Not even from every fighter of that type, just pick the one plane that's always down for maintenance anyway and, like, lock the AC to one temperature or something. Surely that tiny bit of a multi billion dollar airframe could cover some worthwhile social services?

[–] Kusimulkku@lemm.ee 1 points 2 days ago

Mental issues and drug or alcohol issue are most common reason where I live.

[–] outhouseperilous@lemmy.dbzer0.com 6 points 2 days ago (1 children)

No but see they need to be punished so they still exist as an example to motivate workers and create an internal other to justify police.

Not to help them. Why would we help them? Stop trolling.

[–] VerbFlow@lemmy.world 1 points 1 day ago (1 children)

I was always scared of becoming homeless when I was a kid. It motivates people to work hard: the beatings will continue until morale improves.

And that fear would be worth every street in the city smelling like piss at all times even if it didn't enable rampant exploitation and rent seeking!

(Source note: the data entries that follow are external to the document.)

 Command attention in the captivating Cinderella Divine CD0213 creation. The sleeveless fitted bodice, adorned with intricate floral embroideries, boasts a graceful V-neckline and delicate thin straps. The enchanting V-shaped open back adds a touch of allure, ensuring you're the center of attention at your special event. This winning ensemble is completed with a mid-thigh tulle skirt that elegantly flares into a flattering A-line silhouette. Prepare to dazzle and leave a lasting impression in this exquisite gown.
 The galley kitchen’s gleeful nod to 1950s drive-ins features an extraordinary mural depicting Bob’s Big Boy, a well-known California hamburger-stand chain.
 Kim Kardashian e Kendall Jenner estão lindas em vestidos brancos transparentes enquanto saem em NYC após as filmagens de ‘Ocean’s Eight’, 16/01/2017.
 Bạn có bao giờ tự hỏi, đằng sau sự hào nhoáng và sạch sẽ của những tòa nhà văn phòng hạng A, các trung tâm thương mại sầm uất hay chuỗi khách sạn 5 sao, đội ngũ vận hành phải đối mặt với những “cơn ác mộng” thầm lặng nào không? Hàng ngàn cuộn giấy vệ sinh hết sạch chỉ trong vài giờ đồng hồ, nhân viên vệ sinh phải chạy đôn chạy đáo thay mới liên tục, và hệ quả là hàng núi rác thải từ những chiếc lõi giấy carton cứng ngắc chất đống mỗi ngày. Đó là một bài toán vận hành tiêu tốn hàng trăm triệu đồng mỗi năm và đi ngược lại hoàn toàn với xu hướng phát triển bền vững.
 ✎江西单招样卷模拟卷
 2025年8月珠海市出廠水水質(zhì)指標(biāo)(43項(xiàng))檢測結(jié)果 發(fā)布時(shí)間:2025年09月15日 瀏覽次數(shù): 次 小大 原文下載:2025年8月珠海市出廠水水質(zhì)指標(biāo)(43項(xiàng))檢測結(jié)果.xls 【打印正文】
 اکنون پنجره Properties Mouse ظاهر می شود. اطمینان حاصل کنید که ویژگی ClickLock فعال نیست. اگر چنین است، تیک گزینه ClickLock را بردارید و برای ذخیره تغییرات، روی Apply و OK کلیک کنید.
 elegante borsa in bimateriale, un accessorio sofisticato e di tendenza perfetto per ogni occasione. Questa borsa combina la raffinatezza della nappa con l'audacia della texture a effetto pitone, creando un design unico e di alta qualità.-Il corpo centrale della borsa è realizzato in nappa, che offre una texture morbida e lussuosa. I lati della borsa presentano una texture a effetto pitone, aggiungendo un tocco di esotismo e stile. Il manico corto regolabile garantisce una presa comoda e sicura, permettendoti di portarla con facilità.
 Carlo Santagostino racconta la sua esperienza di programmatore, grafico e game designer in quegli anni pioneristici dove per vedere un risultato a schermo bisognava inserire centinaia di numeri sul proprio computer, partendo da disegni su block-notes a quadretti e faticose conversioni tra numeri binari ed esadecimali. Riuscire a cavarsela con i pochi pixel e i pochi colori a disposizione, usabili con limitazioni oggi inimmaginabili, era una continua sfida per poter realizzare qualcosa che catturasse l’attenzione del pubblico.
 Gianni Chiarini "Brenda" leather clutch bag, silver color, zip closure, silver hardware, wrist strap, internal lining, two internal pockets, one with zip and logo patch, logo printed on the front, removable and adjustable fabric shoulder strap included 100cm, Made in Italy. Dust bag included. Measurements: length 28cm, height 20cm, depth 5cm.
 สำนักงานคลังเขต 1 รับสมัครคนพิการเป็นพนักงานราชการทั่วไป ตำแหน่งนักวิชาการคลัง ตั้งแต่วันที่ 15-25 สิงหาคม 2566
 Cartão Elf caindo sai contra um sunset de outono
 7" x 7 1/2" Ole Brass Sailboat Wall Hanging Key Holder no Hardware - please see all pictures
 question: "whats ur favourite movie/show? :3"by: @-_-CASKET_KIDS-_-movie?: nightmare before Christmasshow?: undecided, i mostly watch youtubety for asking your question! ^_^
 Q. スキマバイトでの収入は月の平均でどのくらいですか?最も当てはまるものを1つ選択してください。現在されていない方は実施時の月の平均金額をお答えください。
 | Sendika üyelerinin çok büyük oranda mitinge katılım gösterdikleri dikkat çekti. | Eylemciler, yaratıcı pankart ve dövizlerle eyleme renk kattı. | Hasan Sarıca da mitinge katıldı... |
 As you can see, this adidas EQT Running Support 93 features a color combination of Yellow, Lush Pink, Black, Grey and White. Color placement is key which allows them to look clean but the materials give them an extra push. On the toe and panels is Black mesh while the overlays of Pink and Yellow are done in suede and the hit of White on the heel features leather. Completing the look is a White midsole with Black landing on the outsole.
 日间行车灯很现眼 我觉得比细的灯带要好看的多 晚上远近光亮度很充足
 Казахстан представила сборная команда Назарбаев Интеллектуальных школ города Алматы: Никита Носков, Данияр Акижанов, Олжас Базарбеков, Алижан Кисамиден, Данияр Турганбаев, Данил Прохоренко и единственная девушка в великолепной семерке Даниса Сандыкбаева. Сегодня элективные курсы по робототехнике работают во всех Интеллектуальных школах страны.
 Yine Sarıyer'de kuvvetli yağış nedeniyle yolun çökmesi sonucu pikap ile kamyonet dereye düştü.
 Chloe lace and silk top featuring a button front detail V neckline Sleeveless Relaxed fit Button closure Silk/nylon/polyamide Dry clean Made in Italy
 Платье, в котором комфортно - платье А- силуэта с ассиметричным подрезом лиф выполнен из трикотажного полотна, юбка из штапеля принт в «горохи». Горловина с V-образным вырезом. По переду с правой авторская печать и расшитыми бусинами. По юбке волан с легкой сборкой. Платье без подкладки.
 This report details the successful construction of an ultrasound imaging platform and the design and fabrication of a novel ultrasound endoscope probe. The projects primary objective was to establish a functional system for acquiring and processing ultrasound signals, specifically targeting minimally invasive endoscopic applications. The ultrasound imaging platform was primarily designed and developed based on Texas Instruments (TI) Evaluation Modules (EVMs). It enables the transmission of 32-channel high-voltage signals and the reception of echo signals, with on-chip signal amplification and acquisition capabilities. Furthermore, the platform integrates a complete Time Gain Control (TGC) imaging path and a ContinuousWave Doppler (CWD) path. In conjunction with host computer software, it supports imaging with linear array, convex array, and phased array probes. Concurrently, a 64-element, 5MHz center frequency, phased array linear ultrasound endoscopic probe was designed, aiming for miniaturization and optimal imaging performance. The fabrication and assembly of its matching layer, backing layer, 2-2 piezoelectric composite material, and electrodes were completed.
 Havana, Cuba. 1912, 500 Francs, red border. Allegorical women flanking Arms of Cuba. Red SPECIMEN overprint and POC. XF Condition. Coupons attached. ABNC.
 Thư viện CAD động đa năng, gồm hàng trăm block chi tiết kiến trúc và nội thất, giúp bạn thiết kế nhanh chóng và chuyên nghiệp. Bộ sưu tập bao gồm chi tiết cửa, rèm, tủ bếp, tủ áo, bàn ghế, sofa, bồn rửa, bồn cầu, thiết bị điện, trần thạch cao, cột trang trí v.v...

[–] Vinstaal0@feddit.nl 1 points 1 day ago

That's not enough, well it might be enough in the US, but here in NL people who are officially Dutch or have been through the process as a refuge to get housing and food etc. Should have at least some kind of shelter.

Then there are still the like 2 (estimation) people in this country who choose to be homeless for whatever reason. I don't try to judge, but there might be some mental issues involved.

And then there are the people who came here from other countries, but haven't gone through the official channels. Some of which came to work, lost their job and cannot find somewhere else to work. Generally this group has housing paid for by their employer, but if you don't have one you don't have a house, at least not here in NL.

There are probably other examples in other countries where basically everybody can have some place to live, but there are still homeless people. I don't believe you just need free housing, you probably need some extra social security and the social opinion on homeless people or people who are at the bottom of society needs to change.